Importantly, our results cannot be explained by unspecific effects of tDCS on neural activity or by changes in decision noise. If tDCS had generally lowered response inhibition during the task, then we should have observed faster reaction times for anodal stimulation and slower reaction times for cathodal stimulation (Terzuolo and Bullock, 1956; Bindman et al., 1962, 1963; Creutzfeldt et al., 1962; Nitsche and Paulus, 2000, 2001; Fritsch and Hitzig, 2009; Bestmann et al., 2014; Bonaiuto and Arbib, 2014). Instead, stimulation over rFPC appeared to affect specific neural computations related to choice, resulting in longer deliberation for the exploratory anodal group and shorter, more targeted decisions in the exploitative cathodal group.

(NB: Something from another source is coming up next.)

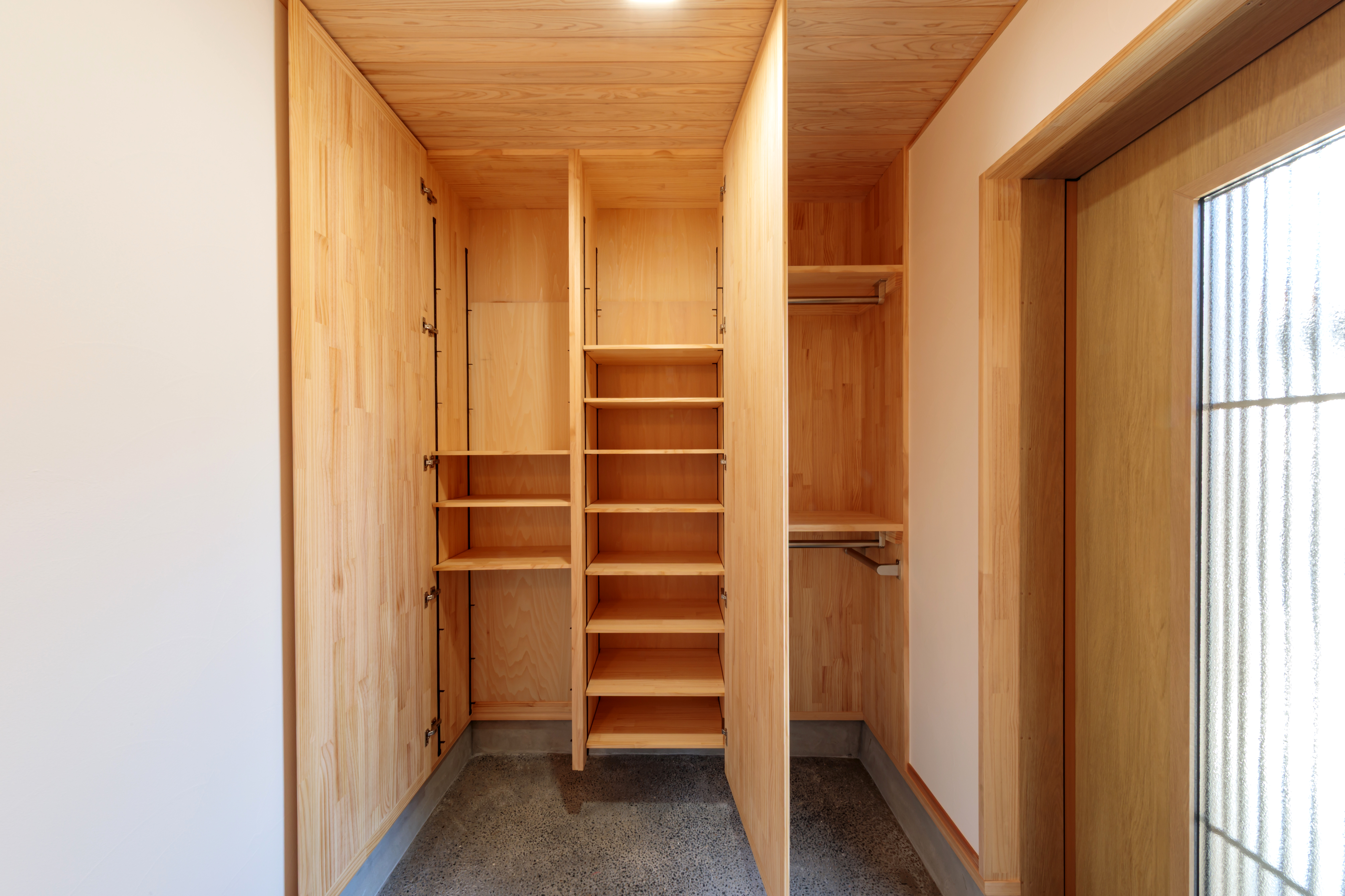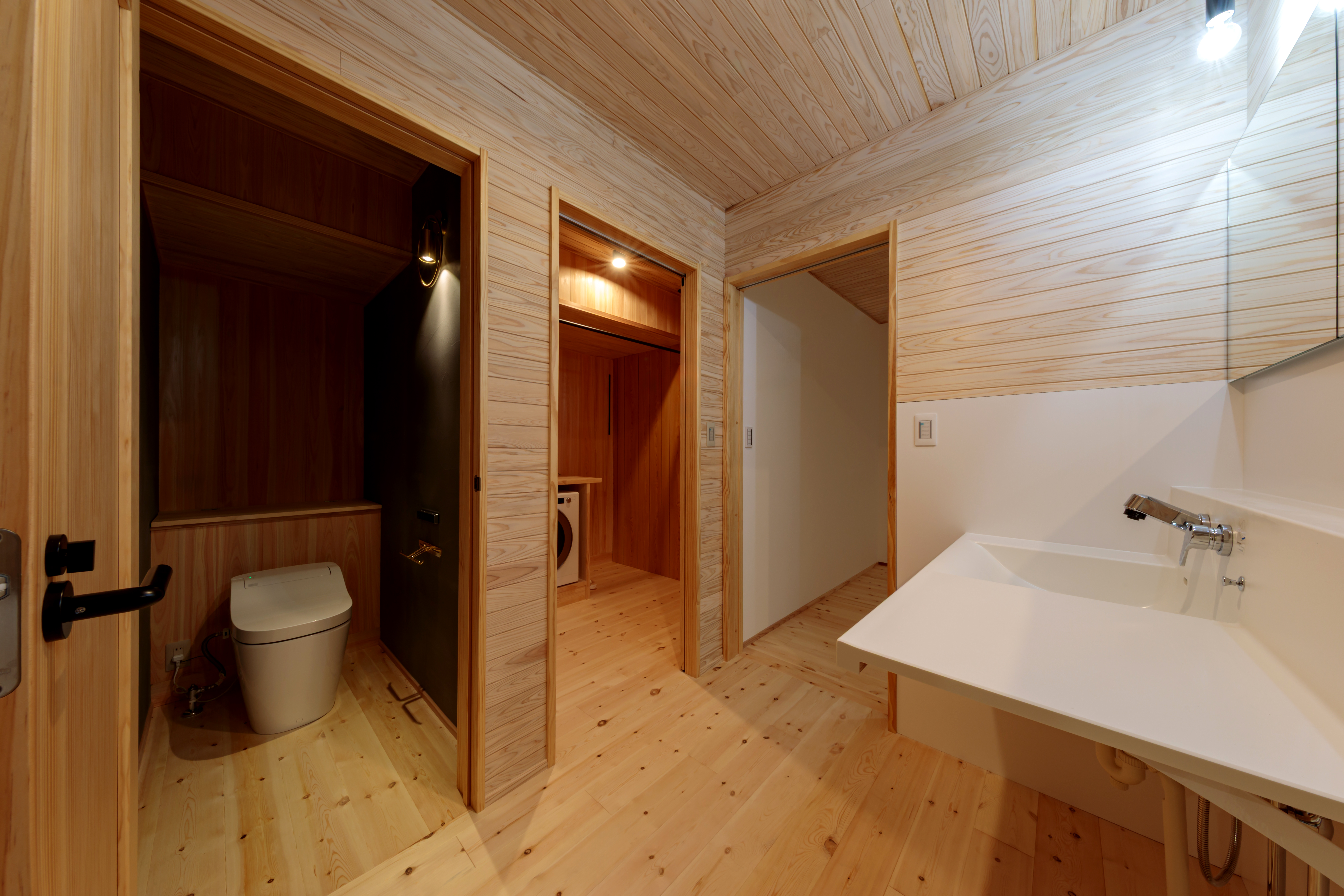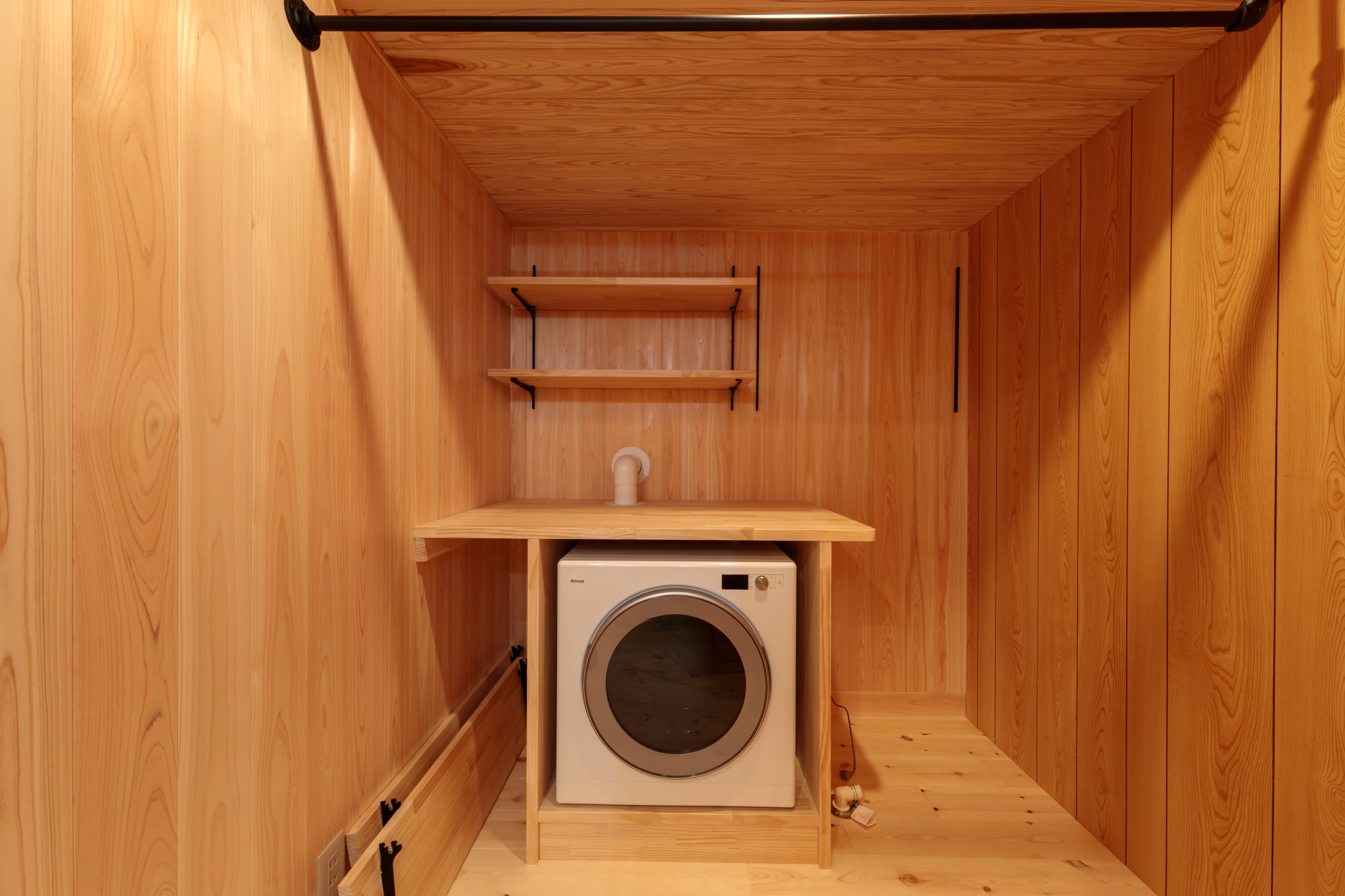 ランドリールームも木の香りいっぱいの空間。癒されながら家事ができます。

The notion of such a strategic exploration mechanism is congruent with previous demonstrations that exploratory choices are generally associated with longer reaction times than exploitative choices (Hassall et al., 2013) as well as with the finding that decisions to leave a patch in a foraging task have longer average response times (Shenhav et al., 2014). Critically, anodal stimulation over rFPC did not generally make participants process information more slowly, as we did not find stimulation-related changes in reaction times during numerical processing control tasks. Finally, our results cannot be explained simply by tDCS-induced changes in decision noise. This notion is contradicted by the findings that choices were systematically related to recent outcomes of the highest-paying option and that the beliefs about the slot machines' reward values remained similarly accurate after stimulation. Thus, our results suggest that anodal stimulation indeed modulated choice-related computations in the rFPC that result in slower, more deliberative decisions to shift toward exploratory options.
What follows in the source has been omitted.